How to complete this task - Write the following entries out again exactly, skipping each image.

Material for this task -
• • • • •

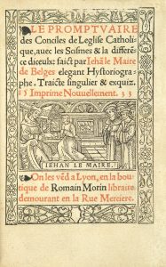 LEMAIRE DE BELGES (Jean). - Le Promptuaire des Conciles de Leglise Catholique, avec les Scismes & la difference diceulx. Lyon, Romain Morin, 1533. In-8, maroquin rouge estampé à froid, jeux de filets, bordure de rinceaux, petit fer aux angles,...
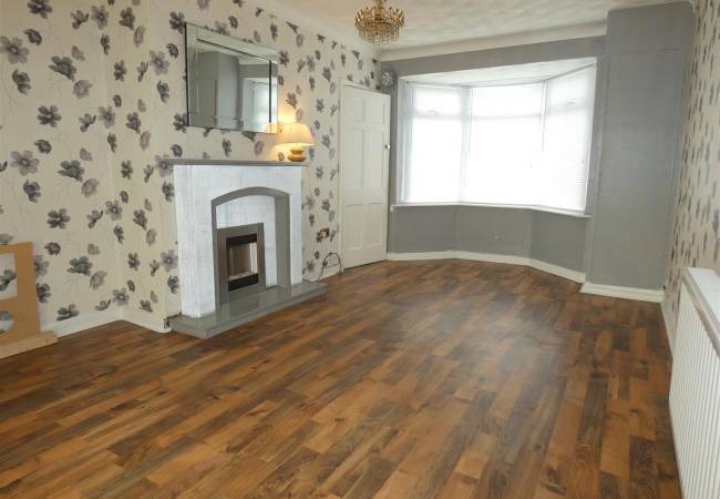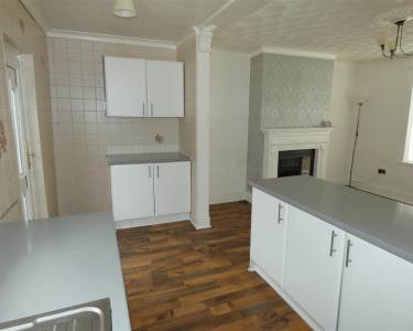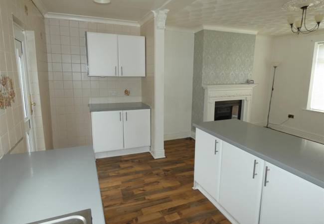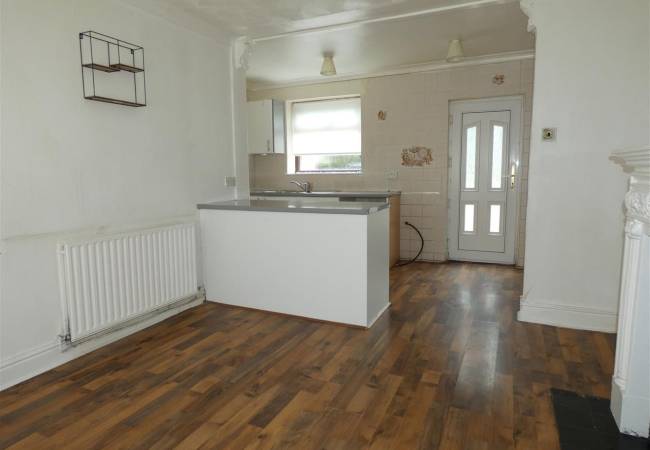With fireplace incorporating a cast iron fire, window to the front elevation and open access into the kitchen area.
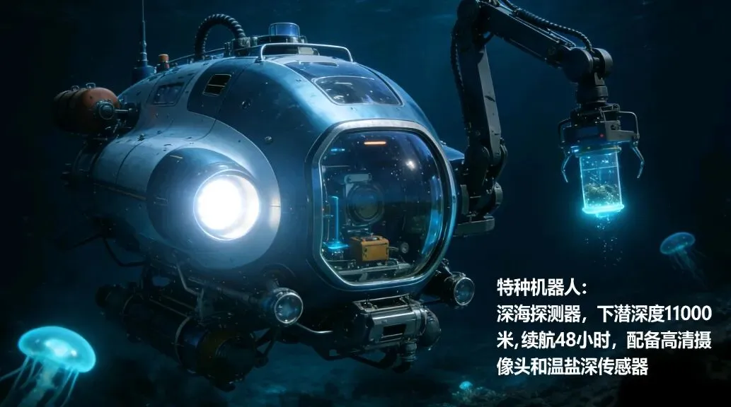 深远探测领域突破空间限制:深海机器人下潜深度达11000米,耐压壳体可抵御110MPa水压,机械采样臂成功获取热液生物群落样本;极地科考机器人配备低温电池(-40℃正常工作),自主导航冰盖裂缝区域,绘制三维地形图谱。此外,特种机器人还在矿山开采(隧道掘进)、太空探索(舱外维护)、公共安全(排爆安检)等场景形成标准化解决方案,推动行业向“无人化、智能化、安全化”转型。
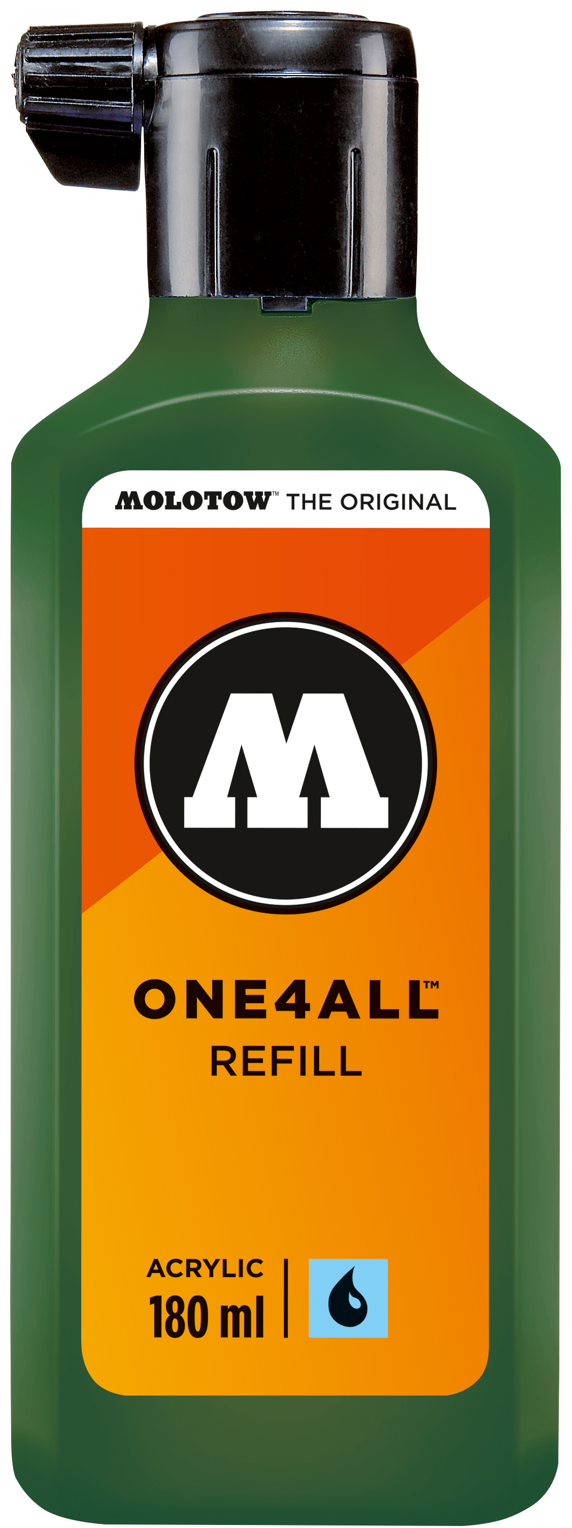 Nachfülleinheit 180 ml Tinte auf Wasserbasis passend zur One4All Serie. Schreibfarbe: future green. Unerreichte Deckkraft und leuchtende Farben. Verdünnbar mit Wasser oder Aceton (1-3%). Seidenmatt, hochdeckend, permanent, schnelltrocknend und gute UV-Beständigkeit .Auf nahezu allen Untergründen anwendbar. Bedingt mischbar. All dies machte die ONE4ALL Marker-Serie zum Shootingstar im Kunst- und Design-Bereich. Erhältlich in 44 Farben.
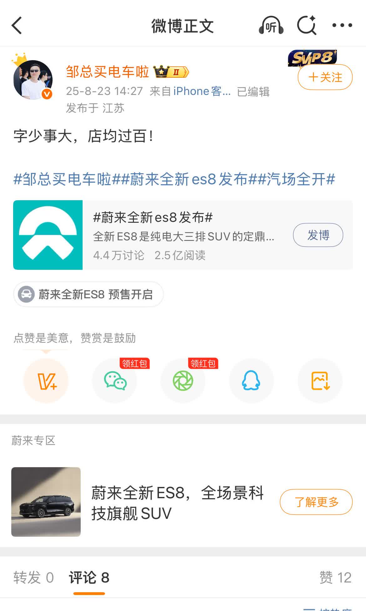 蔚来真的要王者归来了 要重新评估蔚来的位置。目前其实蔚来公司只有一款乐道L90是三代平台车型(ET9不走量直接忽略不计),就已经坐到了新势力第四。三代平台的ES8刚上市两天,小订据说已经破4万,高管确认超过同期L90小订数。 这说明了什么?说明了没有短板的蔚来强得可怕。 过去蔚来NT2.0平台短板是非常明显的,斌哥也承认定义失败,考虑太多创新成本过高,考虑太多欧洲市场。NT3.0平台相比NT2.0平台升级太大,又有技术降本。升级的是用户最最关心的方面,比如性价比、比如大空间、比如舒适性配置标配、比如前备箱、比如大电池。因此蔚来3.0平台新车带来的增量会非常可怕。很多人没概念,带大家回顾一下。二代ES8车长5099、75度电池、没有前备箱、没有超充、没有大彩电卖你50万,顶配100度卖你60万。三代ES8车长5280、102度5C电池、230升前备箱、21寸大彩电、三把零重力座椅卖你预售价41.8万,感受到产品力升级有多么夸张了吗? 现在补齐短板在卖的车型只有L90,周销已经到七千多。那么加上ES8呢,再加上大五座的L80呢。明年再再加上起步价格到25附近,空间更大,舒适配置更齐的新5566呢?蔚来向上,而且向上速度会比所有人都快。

• • • • •

Written response -
 LEMAIRE DE BELGES (Jean). - Le Promptuaire des Conciles de Leglise Catholique, avec les Scismes & la difference diceulx. Lyon, Romain Morin, 1533. In-8, maroquin rouge estampé à froid, jeux de filets, bordure de rinceaux, petit fer aux angles,...
With fireplace incorporating a cast iron fire, window to the front elevation and open access into the kitchen area.
 深远探测领域突破空间限制:深海机器人下潜深度达11000米,耐压壳体可抵御110MPa水压,机械采样臂成功获取热液生物群落样本;极地科考机器人配备低温电池(-40℃正常工作),自主导航冰盖裂缝区域,绘制三维地形图谱。此外,特种机器人还在矿山开采(隧道掘进)、太空探索(舱外维护)、公共安全(排爆安检)等场景形成标准化解决方案,推动行业向“无人化、智能化、安全化”转型。
 Nachfülleinheit 180 ml Tinte auf Wasserbasis passend zur One4All Serie. Schreibfarbe: future green. Unerreichte Deckkraft und leuchtende Farben. Verdünnbar mit Wasser oder Aceton (1-3%). Seidenmatt, hochdeckend, permanent, schnelltrocknend und gute UV-Beständigkeit .Auf nahezu allen Untergründen anwendbar. Bedingt mischbar. All dies machte die ONE4ALL Marker-Serie zum Shootingstar im Kunst- und Design-Bereich. Erhältlich in 44 Farben.
 蔚来真的要王者归来了 要重新评估蔚来的位置。目前其实蔚来公司只有一款乐道L90是三代平台车型(ET9不走量直接忽略不计),就已经坐到了新势力第四。三代平台的ES8刚上市两天,小订据说已经破4万,高管确认超过同期L90小订数。 这说明了什么?说明了没有短板的蔚来强得可怕。 过去蔚来NT2.0平台短板是非常明显的,斌哥也承认定义失败,考虑太多创新成本过高,考虑太多欧洲市场。NT3.0平台相比NT2.0平台升级太大,又有技术降本。升级的是用户最最关心的方面,比如性价比、比如大空间、比如舒适性配置标配、比如前备箱、比如大电池。因此蔚来3.0平台新车带来的增量会非常可怕。很多人没概念,带大家回顾一下。二代ES8车长5099、75度电池、没有前备箱、没有超充、没有大彩电卖你50万,顶配100度卖你60万。三代ES8车长5280、102度5C电池、230升前备箱、21寸大彩电、三把零重力座椅卖你预售价41.8万,感受到产品力升级有多么夸张了吗? 现在补齐短板在卖的车型只有L90,周销已经到七千多。那么加上ES8呢,再加上大五座的L80呢。明年再再加上起步价格到25附近,空间更大,舒适配置更齐的新5566呢?蔚来向上,而且向上速度会比所有人都快。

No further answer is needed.